Aprieto abdominales mientras imagino un séquito de hombres grisáceos arrastrando archivadores a nuevos cubículos a las oficinas de la acera de enfrente. Los milenarios cambiamos de trabajo más que otras generaciones. Carecemos de lealtad. Frente a las generaciones anteriores, nos gusta hacer lo que nos atrae todo el tiempo. Las otras serían masoquistas. Quizás todo esto no tenga nada que ver con mi generación pero sí con la evolución y el olvido. La evolución social donde las alternativas nos permiten no conformarnos con una vida escalando una misma pirámide de capacidades no constatadas y el olvido de lo que ansiaban las generaciones anteriores en sus inicios. Si podían o no permitírselo es algo que no se deberían proyectar a los venideros.
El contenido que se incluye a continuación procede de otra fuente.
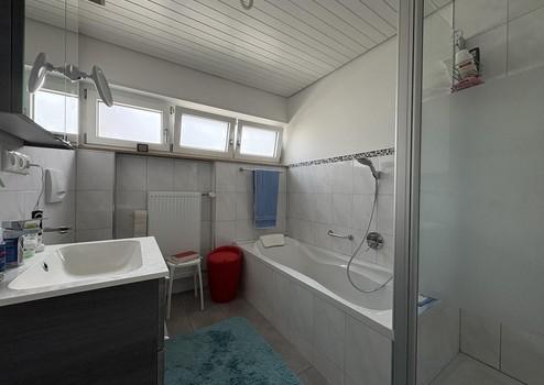 - Das Bad oben verfügt über eine Badewanne und eine getrennte Dusche. Das Bad unten hat eine barrierefreie, großzügige Dusche. Eine zusätzlich elektrische Fußbodenheizung in den Bädern sorgt bei Bedarf für behagliche Wärme an den Füßen

Clavo la pértiga en el cajetín y veo que nos han metido en la cabeza unos mantras laborales raros. Hacernos creer que llegaremos a ese trabajo soñado en el que haremos lo que nos gusta todo el tiempo. ¡Menuda bola! En cualquier proceso hay partes odiosas. Eso es la realidad. Para hacer la tarta más bonita de todas, primero amasaremos un pegote desagradable de harina, huevo y azúcar hasta que se nos quiten las ganas de ser pasteleros. A la hora de decorar se lo dejamos a los más pequeños para sembrar en ellos la idea de perfección del proceso. Seguramente eso hicieron con nosotros las generaciones anteriores.
Ante la estulticia generalizada cruzo el listón ventralmente, creo que solo tenemos en común nuestra fecha de nacimiento y un panorama laboral maltrecho. Décadas consideradas para acotar estudios y un exceso de oferta de fuerza de trabajo.
Todo un salto generacional hacia el vacío.
Tarta de limón de Odette. En Varsovia, agosto de 2015.